- _Task brief_
Every line holding the string "Cotton" is to be copied from the entries below.

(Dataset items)

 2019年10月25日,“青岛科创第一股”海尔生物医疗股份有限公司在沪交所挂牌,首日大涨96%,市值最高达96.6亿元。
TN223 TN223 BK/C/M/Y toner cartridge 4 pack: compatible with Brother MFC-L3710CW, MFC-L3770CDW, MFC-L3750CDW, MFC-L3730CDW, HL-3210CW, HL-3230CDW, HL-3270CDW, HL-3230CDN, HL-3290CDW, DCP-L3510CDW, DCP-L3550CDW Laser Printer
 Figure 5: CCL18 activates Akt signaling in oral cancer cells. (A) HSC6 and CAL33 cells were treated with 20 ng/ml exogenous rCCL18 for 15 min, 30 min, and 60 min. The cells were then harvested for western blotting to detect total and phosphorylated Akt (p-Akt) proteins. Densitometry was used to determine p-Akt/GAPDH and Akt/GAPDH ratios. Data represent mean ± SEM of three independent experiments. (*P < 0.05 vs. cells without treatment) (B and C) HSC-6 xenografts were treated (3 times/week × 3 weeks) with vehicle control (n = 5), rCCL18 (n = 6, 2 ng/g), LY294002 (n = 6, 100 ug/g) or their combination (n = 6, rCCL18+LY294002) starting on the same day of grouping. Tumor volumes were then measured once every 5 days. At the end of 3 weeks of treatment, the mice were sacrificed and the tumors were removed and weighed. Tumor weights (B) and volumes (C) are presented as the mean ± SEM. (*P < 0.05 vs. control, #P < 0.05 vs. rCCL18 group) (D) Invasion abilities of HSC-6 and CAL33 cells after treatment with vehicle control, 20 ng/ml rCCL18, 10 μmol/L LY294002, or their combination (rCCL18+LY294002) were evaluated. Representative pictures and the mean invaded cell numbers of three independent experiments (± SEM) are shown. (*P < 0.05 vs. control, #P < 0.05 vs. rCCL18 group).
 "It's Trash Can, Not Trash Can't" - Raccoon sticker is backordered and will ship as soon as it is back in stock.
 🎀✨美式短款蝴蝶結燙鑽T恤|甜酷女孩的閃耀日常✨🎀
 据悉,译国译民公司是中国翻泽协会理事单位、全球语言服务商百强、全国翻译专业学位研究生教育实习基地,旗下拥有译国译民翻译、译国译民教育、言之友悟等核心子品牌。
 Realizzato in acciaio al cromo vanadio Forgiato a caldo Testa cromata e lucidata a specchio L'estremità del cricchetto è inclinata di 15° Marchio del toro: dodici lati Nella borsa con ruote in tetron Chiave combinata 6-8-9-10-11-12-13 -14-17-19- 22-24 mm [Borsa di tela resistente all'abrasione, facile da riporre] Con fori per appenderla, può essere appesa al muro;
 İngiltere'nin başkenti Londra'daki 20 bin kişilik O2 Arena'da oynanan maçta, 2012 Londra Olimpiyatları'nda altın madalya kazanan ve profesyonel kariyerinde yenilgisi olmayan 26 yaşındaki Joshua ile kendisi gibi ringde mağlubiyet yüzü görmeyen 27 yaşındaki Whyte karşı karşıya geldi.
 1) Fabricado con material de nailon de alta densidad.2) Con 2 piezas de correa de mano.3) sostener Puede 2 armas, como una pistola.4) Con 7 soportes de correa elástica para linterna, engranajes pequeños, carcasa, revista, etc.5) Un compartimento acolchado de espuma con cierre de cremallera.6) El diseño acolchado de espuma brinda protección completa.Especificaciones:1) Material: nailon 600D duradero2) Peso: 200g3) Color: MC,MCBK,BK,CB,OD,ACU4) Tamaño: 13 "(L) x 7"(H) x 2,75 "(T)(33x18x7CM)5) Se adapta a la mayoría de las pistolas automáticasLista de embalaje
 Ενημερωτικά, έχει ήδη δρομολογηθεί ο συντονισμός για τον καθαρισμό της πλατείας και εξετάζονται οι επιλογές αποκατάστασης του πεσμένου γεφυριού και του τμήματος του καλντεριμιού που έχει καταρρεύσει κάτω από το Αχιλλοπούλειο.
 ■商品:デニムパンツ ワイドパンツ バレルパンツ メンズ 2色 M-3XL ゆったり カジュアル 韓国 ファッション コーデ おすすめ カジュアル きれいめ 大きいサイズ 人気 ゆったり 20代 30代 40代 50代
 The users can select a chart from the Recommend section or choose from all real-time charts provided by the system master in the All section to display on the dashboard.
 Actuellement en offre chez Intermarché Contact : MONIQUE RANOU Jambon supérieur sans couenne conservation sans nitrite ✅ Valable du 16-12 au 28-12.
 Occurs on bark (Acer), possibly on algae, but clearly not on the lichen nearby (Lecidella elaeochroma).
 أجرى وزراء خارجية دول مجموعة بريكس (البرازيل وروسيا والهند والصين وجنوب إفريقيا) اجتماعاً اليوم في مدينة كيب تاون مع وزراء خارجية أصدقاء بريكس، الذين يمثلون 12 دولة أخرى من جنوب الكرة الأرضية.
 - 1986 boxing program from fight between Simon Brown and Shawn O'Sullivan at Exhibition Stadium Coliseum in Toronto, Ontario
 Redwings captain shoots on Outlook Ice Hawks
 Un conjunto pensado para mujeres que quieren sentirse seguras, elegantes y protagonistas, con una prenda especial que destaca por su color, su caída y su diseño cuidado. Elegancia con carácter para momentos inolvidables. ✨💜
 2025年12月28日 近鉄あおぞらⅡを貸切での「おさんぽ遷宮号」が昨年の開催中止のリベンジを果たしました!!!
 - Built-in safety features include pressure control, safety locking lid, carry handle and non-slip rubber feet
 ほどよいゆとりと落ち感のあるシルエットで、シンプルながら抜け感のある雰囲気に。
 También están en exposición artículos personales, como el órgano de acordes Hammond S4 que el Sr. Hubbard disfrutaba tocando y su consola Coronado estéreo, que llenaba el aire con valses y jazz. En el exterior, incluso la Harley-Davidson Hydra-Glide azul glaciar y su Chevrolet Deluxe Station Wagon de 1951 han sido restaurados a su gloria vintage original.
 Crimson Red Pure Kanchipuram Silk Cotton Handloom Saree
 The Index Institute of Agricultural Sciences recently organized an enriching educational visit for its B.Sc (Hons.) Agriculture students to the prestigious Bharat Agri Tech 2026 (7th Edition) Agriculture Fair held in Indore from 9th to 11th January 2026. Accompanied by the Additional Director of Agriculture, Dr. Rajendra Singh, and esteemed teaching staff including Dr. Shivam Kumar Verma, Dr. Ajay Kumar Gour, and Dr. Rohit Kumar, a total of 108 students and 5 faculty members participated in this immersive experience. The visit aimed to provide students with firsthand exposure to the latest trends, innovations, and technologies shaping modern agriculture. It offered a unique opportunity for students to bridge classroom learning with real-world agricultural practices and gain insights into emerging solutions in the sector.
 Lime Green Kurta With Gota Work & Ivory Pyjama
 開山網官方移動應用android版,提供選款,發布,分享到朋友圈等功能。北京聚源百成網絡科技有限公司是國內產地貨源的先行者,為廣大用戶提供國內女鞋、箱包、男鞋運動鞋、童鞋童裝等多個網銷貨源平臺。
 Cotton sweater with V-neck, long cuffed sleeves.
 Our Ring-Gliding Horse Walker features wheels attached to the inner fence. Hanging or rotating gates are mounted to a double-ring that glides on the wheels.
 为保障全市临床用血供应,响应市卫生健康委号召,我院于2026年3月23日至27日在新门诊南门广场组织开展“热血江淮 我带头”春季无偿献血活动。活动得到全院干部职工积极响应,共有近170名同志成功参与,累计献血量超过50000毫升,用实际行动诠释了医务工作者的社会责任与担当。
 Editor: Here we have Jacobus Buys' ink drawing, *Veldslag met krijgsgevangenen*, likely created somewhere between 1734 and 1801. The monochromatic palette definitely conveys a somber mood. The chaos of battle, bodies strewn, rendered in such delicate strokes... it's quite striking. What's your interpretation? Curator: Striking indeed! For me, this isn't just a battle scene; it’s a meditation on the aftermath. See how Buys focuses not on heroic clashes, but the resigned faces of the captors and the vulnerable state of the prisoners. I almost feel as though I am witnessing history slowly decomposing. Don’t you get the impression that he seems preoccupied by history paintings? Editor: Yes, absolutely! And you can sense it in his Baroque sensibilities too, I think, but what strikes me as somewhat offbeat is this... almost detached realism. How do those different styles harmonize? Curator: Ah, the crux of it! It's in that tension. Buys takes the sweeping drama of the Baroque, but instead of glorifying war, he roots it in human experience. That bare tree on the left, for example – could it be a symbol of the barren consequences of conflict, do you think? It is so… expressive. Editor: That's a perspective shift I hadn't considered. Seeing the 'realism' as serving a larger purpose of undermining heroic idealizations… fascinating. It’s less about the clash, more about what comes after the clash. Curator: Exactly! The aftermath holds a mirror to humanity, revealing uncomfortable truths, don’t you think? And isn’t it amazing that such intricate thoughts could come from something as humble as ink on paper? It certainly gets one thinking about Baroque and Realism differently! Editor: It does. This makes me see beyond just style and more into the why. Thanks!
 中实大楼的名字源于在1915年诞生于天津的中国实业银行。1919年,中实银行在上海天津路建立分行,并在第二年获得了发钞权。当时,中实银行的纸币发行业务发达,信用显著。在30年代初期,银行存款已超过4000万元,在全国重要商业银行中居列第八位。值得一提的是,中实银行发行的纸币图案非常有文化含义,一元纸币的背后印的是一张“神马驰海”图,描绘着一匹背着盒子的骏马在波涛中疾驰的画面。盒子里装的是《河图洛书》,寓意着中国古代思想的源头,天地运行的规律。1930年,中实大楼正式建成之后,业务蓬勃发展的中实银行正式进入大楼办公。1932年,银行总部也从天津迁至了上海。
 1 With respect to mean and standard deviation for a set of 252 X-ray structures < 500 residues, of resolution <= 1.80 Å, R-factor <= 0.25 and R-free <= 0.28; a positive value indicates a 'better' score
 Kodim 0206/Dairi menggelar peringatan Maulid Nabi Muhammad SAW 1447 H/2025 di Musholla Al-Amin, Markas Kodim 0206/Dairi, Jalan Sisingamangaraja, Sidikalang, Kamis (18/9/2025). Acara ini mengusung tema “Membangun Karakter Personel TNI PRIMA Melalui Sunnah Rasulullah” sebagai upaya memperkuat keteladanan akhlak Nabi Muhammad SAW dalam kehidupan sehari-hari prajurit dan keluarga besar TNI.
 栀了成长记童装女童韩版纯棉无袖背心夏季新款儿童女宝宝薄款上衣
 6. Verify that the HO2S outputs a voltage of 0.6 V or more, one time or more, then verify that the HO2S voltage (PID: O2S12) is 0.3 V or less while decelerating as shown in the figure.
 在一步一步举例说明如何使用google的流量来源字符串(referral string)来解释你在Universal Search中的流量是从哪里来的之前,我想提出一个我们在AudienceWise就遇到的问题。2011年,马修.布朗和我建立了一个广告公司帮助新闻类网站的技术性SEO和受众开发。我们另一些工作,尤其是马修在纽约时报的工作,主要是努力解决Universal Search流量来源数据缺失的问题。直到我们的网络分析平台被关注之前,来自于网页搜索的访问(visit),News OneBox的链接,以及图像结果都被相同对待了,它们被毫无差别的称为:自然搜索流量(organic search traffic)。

- _Task solution_
 Crimson Red Pure Kanchipuram Silk Cotton Handloom Saree
 Cotton sweater with V-neck, long cuffed sleeves.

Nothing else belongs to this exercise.